START DATA FOR PROCESSING

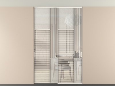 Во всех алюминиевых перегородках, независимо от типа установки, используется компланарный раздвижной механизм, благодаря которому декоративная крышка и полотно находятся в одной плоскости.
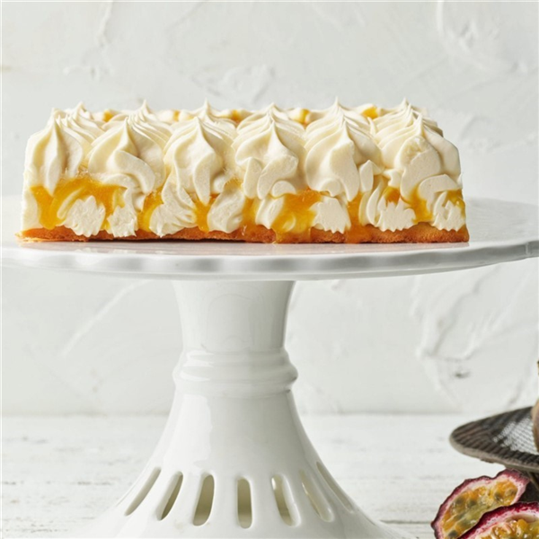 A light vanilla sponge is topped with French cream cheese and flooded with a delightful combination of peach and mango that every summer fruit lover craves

END DATA FOR PROCESSING
START DATA FOR PROCESSING

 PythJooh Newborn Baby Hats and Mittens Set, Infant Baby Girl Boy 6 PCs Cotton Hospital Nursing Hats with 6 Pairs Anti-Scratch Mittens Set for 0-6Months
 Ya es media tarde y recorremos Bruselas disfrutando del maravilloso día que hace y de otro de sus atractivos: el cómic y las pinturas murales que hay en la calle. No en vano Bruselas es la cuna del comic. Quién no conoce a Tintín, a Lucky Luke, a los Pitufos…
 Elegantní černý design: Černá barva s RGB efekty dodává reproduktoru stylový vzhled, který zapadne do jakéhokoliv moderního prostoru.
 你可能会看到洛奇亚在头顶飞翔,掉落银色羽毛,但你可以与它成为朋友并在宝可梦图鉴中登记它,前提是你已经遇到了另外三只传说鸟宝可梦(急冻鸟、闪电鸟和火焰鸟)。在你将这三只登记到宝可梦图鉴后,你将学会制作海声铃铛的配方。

END DATA FOR PROCESSING

» **EXERCISE**:
Everything between and including the line above containing "Во всех алюминиевых" and the line containing "A light vanilla" should be reproduced exactly, with pictures excluded.

» **TASK ANSWER**:
 Во всех алюминиевых перегородках, независимо от типа установки, используется компланарный раздвижной механизм, благодаря которому декоративная крышка и полотно находятся в одной плоскости.
 A light vanilla sponge is topped with French cream cheese and flooded with a delightful combination of peach and mango that every summer fruit lover craves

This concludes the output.